妖狐少女と御曹司~最強女子は御曹司くんのニセ彼女!?~


「うん。見て見て。ジャーン」

 竜くんが見せてくれたのは、タコタコちゃんのついたボールペンだった。

「わあ、可愛い!」

「これ、商店街の福引で当たったんだよね。あ、そうだ。二本あるから一本朱里ちゃんにあげようか?」

「えっ、本当?」

「うん。
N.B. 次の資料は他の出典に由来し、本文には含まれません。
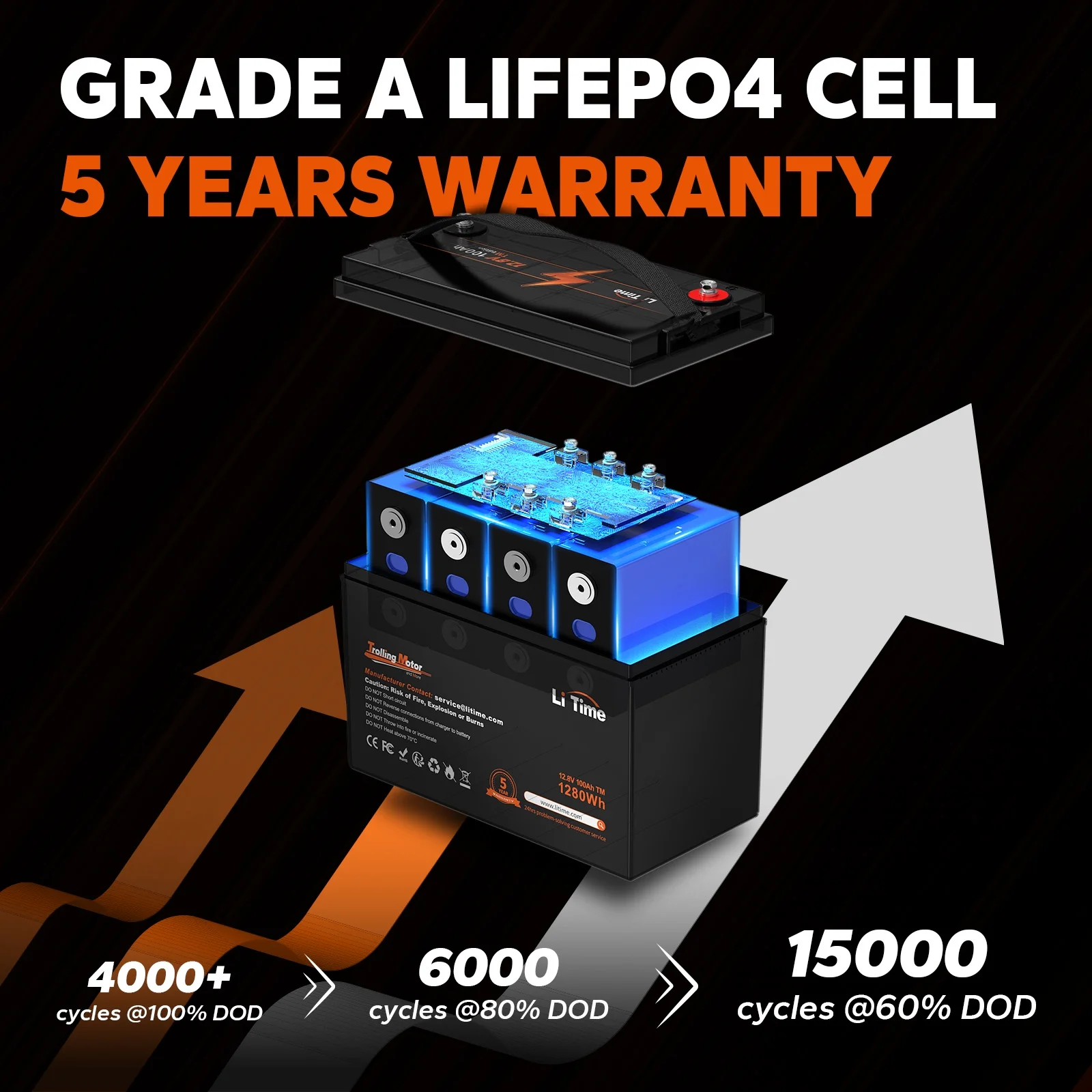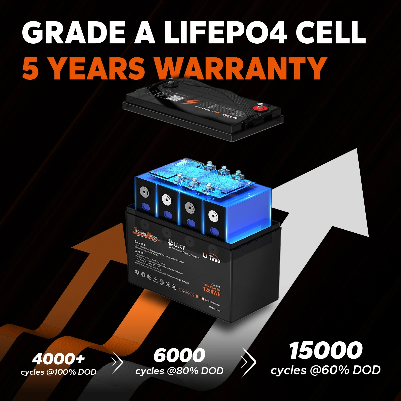 - 【Grade A LiFePO4 Cell & 10 Years Lifetime】LiTime's 12V 100Ah TM lithium battery uses Grade A LiFePO4 cells for exceptional quality, higher energy density, and greater power, certified by UL testing for highest level of safety. The 12V 100Ah TM LiFePO4 battery has an impressive 10-year lifespan, with 4000+ cycles @100% DOD (6000 cycles @80% DOD, 15000 cycles @60% DOD). In contrast, SLA/AGM batteries typically only last for 3 years with 200-500 cycles.

おそろいー」

 ニコニコとボールペンを差し出してくる竜くん。

 すると、後ろから白くて大きな手が伸びてきた。

「二本あるなら、これは俺がもらう」

 ふりむくと、そこにいたのは凪季だった。

「な、凪季!?」

 私はびっくりして立ち上がった。

 どうして凪季がここに?

「朱里、今ちょっといい?」

「う、うん。ごめんね、竜くん」

 私は凪季に手を握られ、引きずられるようにして教室を出た。

「ここでいいかな」

 ひとけのない階段に着き、ようやく凪季は私の手を離した。

「凪季、どうしたの?」

 私が首をかしげて凪季を見上げると、凪季はふいと視線をそらした。

「朱里は、あいつと仲良いのか?」

「あいつって、竜くん? 仲良いっていうか……隣の席だからよく話しかけられはするけど」

「それだけか?」

「うん」

 私がキョトンとしながら答えると、凪季は私の頭をくしゃりと撫でた。

「……そっか」

 凪季、どうしたんだろう……?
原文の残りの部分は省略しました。